Data>
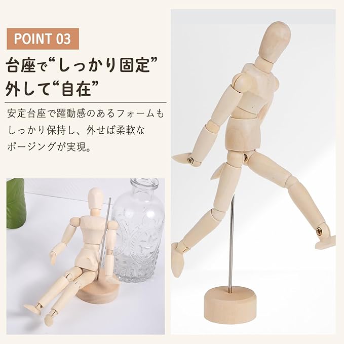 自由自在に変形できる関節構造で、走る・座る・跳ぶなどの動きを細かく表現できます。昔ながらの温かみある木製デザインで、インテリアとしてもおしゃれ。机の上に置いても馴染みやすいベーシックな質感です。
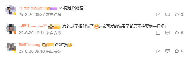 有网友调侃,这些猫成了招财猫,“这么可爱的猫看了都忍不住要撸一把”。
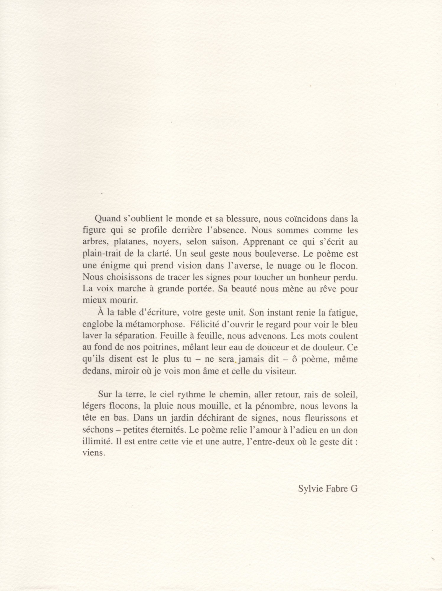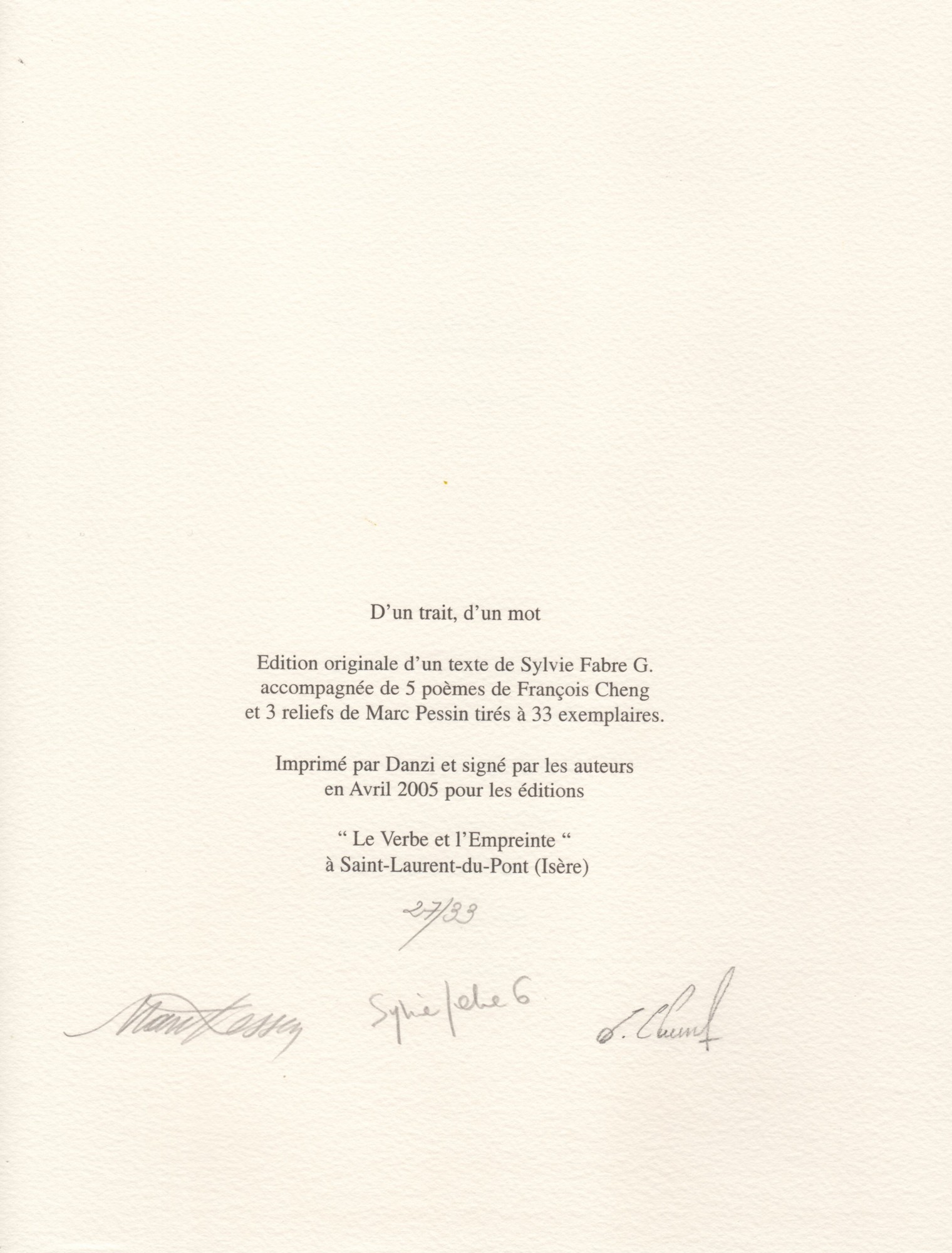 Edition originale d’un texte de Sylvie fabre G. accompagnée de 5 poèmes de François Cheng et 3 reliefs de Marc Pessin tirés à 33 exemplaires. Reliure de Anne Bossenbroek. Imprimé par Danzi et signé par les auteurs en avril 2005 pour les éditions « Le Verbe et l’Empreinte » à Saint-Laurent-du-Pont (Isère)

What is needed> This exercise asks for the data above to be given again exactly, without pictures.

Response to the task>
 自由自在に変形できる関節構造で、走る・座る・跳ぶなどの動きを細かく表現できます。昔ながらの温かみある木製デザインで、インテリアとしてもおしゃれ。机の上に置いても馴染みやすいベーシックな質感です。
 有网友调侃,这些猫成了招财猫,“这么可爱的猫看了都忍不住要撸一把”。
 Edition originale d’un texte de Sylvie fabre G. accompagnée de 5 poèmes de François Cheng et 3 reliefs de Marc Pessin tirés à 33 exemplaires. Reliure de Anne Bossenbroek. Imprimé par Danzi et signé par les auteurs en avril 2005 pour les éditions « Le Verbe et l’Empreinte » à Saint-Laurent-du-Pont (Isère)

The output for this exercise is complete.